Tachibana’s responses made me think of a very peculiar passage in an eighteenth-century art of acting. In it, the author (John Hill, who keeps cropping up at the moment) is trying to distinguish between different kinds of theatrical illusion. His point is that the illusion only ever really works when there is a true emotion behind it, but the argument he deploys involves comparing the disinterested audience (who need true emotion from the actors to be deceived) and the infatuated suitor of an actress (who is easily tricked by her faking of affection). I’ll finish by quoting the passage in question, but it does raise one interesting question about this film: was Chiyoko such a great actress, not because she was mixing reality and fiction, but because we, like Tachibana, had fallen under the spell, become infatuated and so lost the ability to separate out the true?

Here’s the Hill:

It will be natural to set up the common arts of women in private life, against this general necessity of feeling upon the stage. If an actress, it will be said, can feign a passion for the man who supports her, of which she feels nothing, why cannot she dissemble with us as well upon the stage? Certainly there are some who do this in private, and why may not they deceive a disintereseted audience, who can impose upon the man that devotes his life and fortune to them? For that reason, because an audience is disinterested. The lover is desirous to believe the lady is fond of him; and therefore he is easily made ot receive the pretence of such a fondness: but an audience are unbiased; they look with eyes of impartiality; they will not allow what does not exist; and will exclaim against that pretence for robbing them of their shillings, which the lover would receive as the price of his whole fortune. The lover is willing, and the audience are also willing to be deluded; but when the passion of the one makes everything pass upon him, the others, having their eyes open, expect some colour or resemblance in what they are to receive for the present as reality.
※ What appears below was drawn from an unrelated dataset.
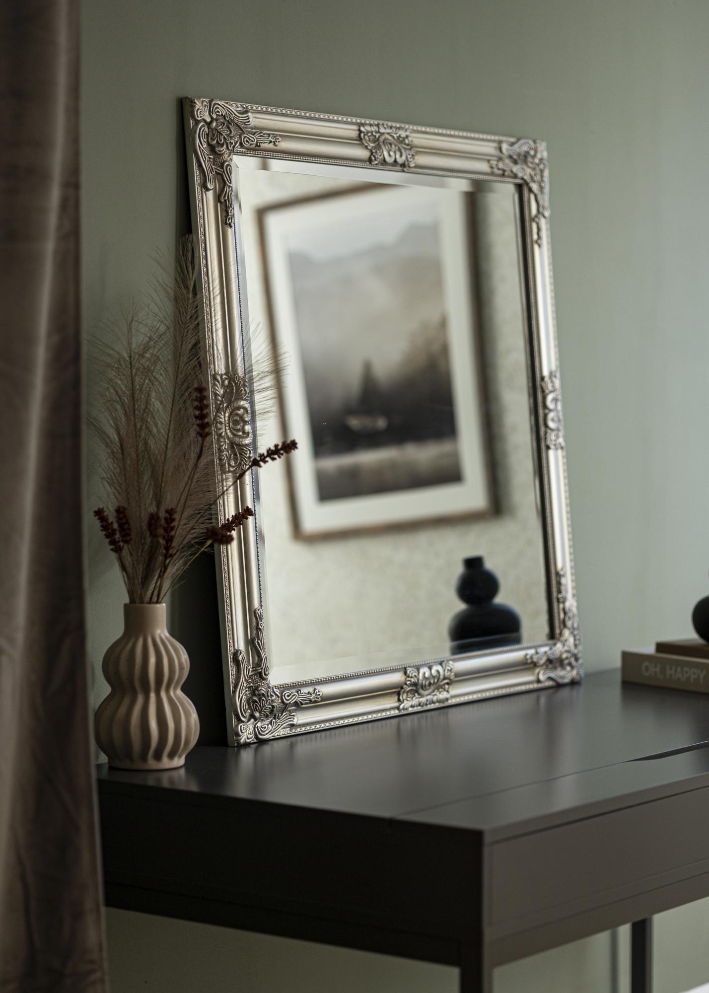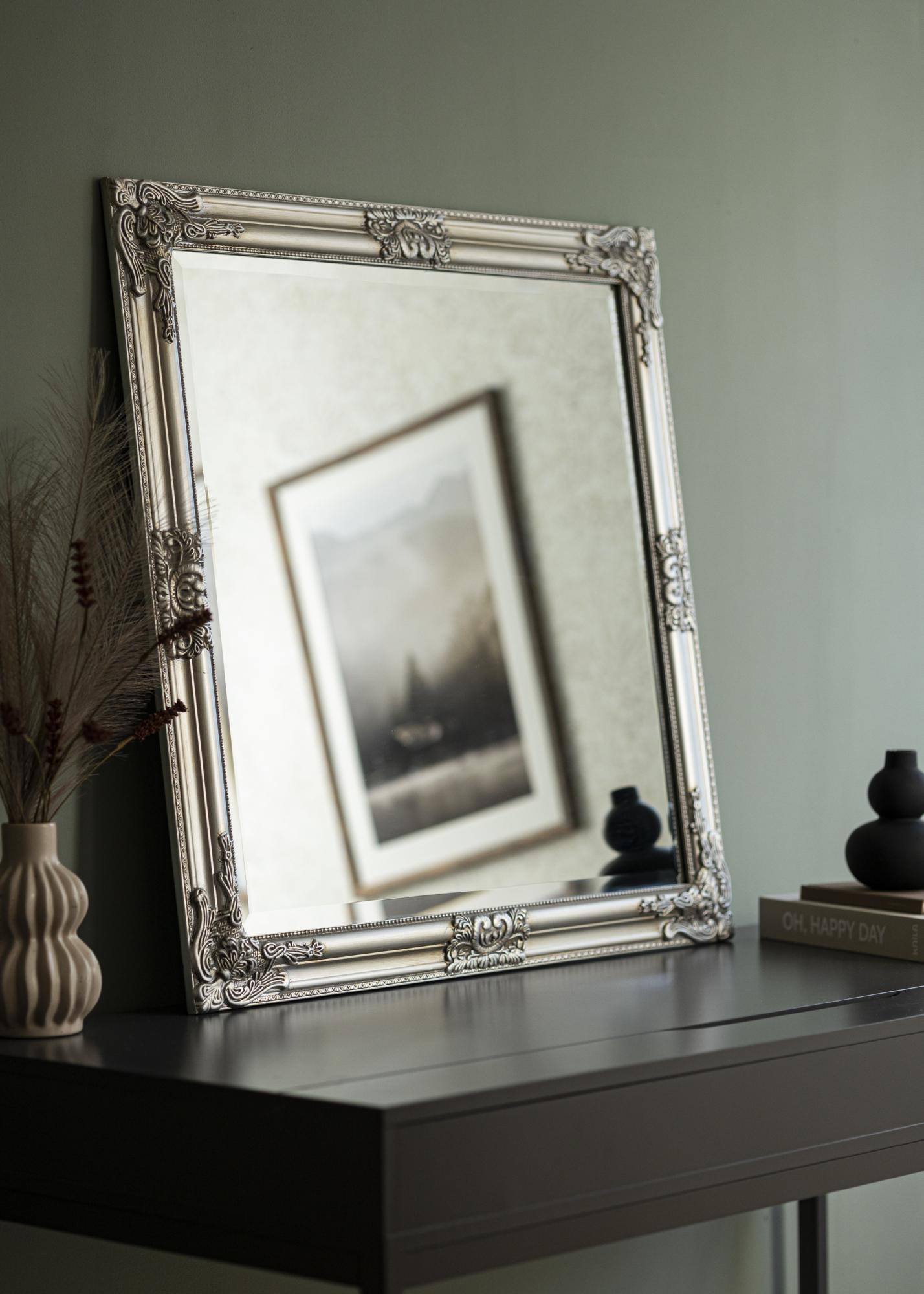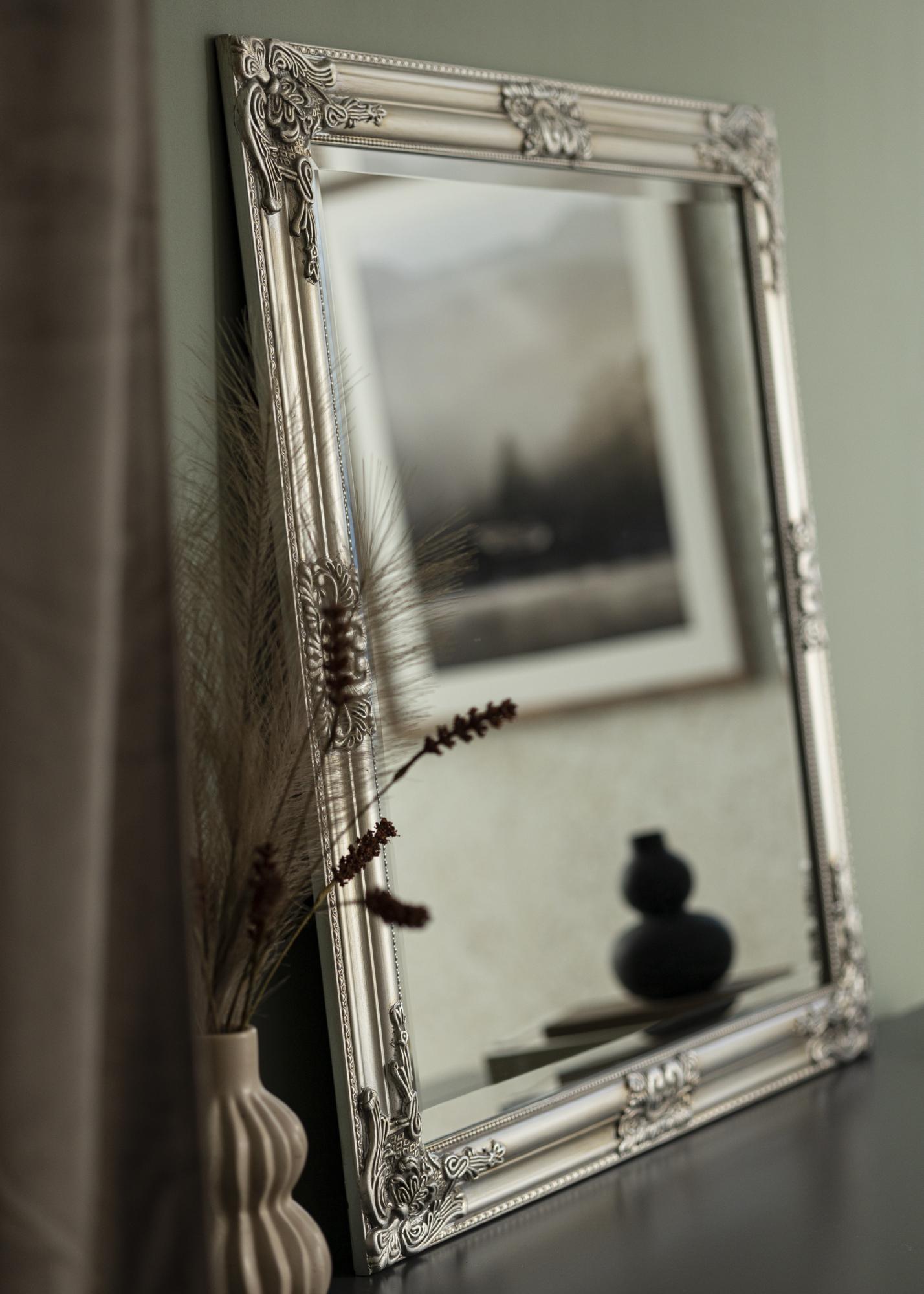 Рамката на това огледало е истински привличач на погледите, богата на детайлни орнаменти в бароков стил, които добавят луксозно и историческо усещане към стаята. Квадратната форма придава симетрична и балансирана естетика, която допълва повечето стилове на интериор. Сребристата рамка на огледалото подчертава неговия елегантен израз и го прави многофункционален елемент в дома.

I’m sorry if that’s a bit long: having just typed it up, it strikes me that Millennium Actresss is a powerful riposte to Hill. Chiyoko is in love (so her performance has a foundation in reality) but Tachibana is also infatuated (so, for example, helps Chiyoko recreate the scenes of her youth, even when she is too elderly to perform them well). The question, then, is whether the audience sees through the journalist’s eyes or not.


2 responses to “Millennium Actress (Sennen Joyû)”

  1. I watched the theatrical version of Millennium Actress (舞台版「千年女優」) in Tokyo several years ago. It was beautiful and marvelous. Five actresses act more than 200 roles (“embedded structure”), and each one of them acts Chiyoko. So there can be five Chiyokos on stage… it must be interesting for those in theatre studies to see an actress acting an actress acting a role, as well as an actress acting a role.

    • Thanks for your comment, Ayumi: the idea of a play based on this film really intrigues me, and I’m going to see if an English version of it exists. All I’ll have to do then is find five actresses ready to do 200 roles…
      Regarding the point about acting someone acting, it’s a really fascinating situation, because in such moments the actor is not in fact pretending to be something else but rather simply pretending to pretend. One might say they are the most realistic parts of a performance, because they acknowledge artifice.